Primary LanguagePython

jobz

zeromq queue based distributed job execution and synchronization behind mongrel2

The general idea is to have jobs for any pipeline to be executed by workers subscribing to a queue. Each job tries to do its task and then publishes the call for the next step. This allows a chain of disconnected servers to participate in a sychronized sequence. Work is pulled in from the publishing broker, so workers can be behind a firewall and they can still pull in work requests. The broker must be accessible to all and the http frontend.

The implementation philosophy is to keep the code very simple, and general. Its just a few simple python scripts, and a mongrel2 server. The complexity is moved out of the code and into deploying and managing the various workers. A good tool such as Ansible makes that job pretty easy. Everywhere a job will run, there will be a worker listening to the queue. The worker will simple execute some local command, which may be a complex shell command.

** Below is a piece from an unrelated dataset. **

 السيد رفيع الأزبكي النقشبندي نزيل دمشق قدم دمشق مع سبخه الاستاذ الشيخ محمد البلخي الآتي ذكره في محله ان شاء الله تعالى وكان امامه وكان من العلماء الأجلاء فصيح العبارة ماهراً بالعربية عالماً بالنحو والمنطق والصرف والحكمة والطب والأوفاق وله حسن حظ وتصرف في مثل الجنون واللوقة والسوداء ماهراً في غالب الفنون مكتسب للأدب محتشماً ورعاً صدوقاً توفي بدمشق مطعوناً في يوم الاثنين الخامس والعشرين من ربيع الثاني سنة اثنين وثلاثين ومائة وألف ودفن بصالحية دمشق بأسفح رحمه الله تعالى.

All job data, such as its command string, is in yaml config files. Each job loads a specified job db which contains the arbitrary command to execute, and other data, and the command string includes printf style format strings, so query string data from the URL can be used to pass parameters to the job. Dangerous escape characters are removed from the query string before being interpolated into the command string.

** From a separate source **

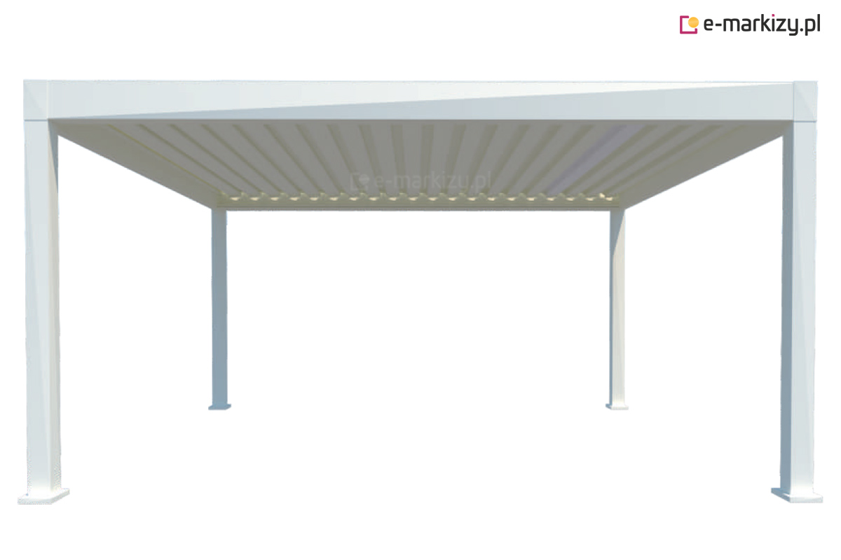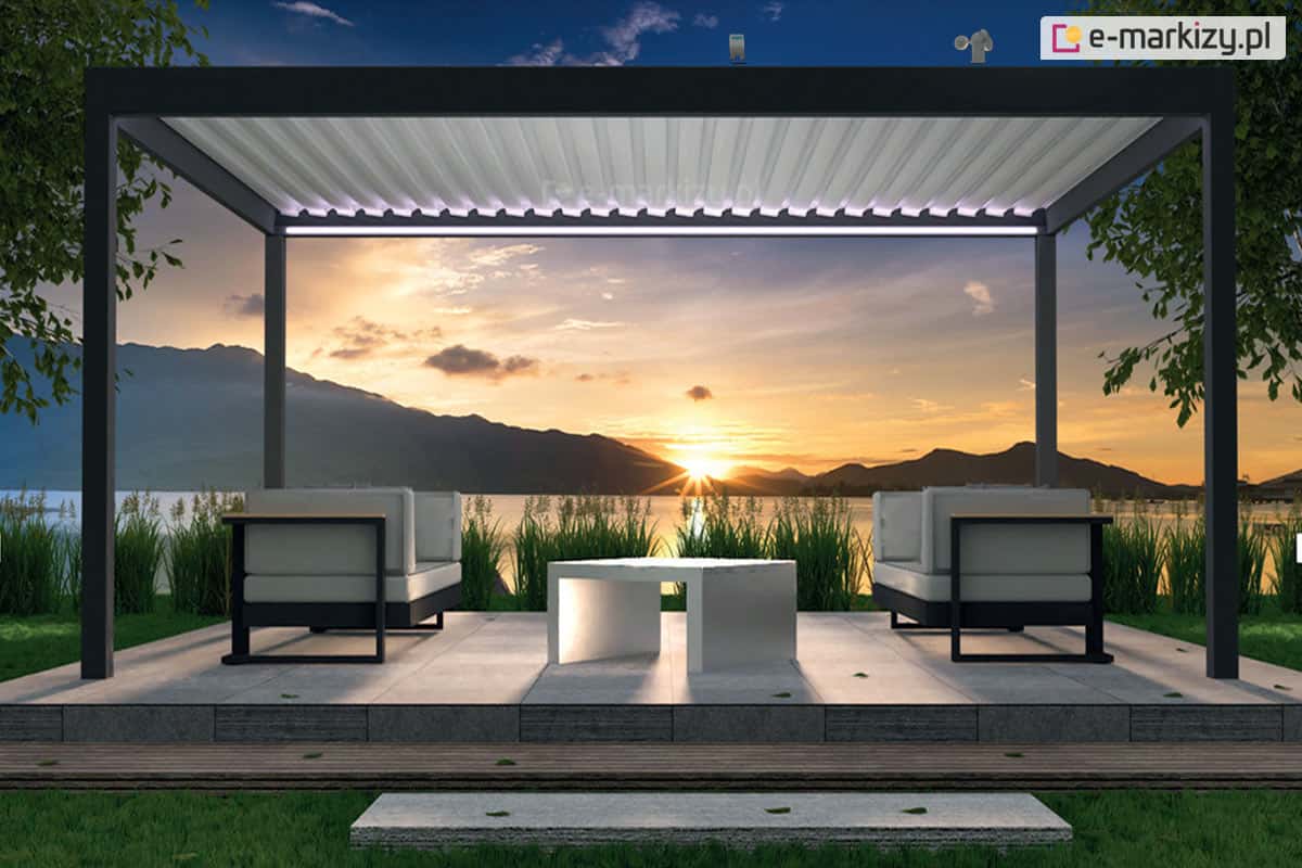 Pergola lamelowa Essential to lekka, nowoczesna pergola z dachem wykonanym z lameli aluminiowych. Obracane lamele w pozycji zamkniętej chronią taras przed słońcem i deszczem, a w pozycji uchylonej wpuszczają promienie słoneczne oraz umożliwiają cyrkulację powietrza. Konstrukcja pergoli wykonana jest z ekstrudowanego aluminium i posiada system odprowadzania wody w standardzie. Dla komfortu użytkowania zadaszonej przestrzeni, pergolę można doposażyć w zintegrowane taśmowe oświetlenie LED.

The frontend is mongrel2. The broker is connected to the web frontend. The workers all pull from the broker. All work requests are very simple and can be triggered from simple commands at the command line like:

  curl -v http://whatever.com:6769/job_start?job_name=import_category_dump\&date=`/bin/date "+%Y_%m_%d"`

That command would cause all workers which are subscribed to the topic to execute their configured commands, providing a date which can be used in the command string with python style format strings. When done these workers call the next step or they call a failure handler. Each job has an on success and an on failure handler. Each job can also make any other calls by using the http interfact to update status or trigger jobs.

Complex dependencies such as making one job depend on the successful completion of any number of other jobs, so one job can run after 10 jobs finish the first 4 steps, or one job can trigger many other jobs. There's a simple semaphore worker which is used to handle the complex dependencies. When several instances of the semaphore script are used in parallel, then act like a lock which is released when the many dependents are done. So this too is a complex problem, solved with very simple code. The semaphores need to be deployed and started in the right way to handle the complex dependency, but the code is very simple.

I have plans for securing it. I'll make the mongrel2 frontend accept requests only from my own certificate authority.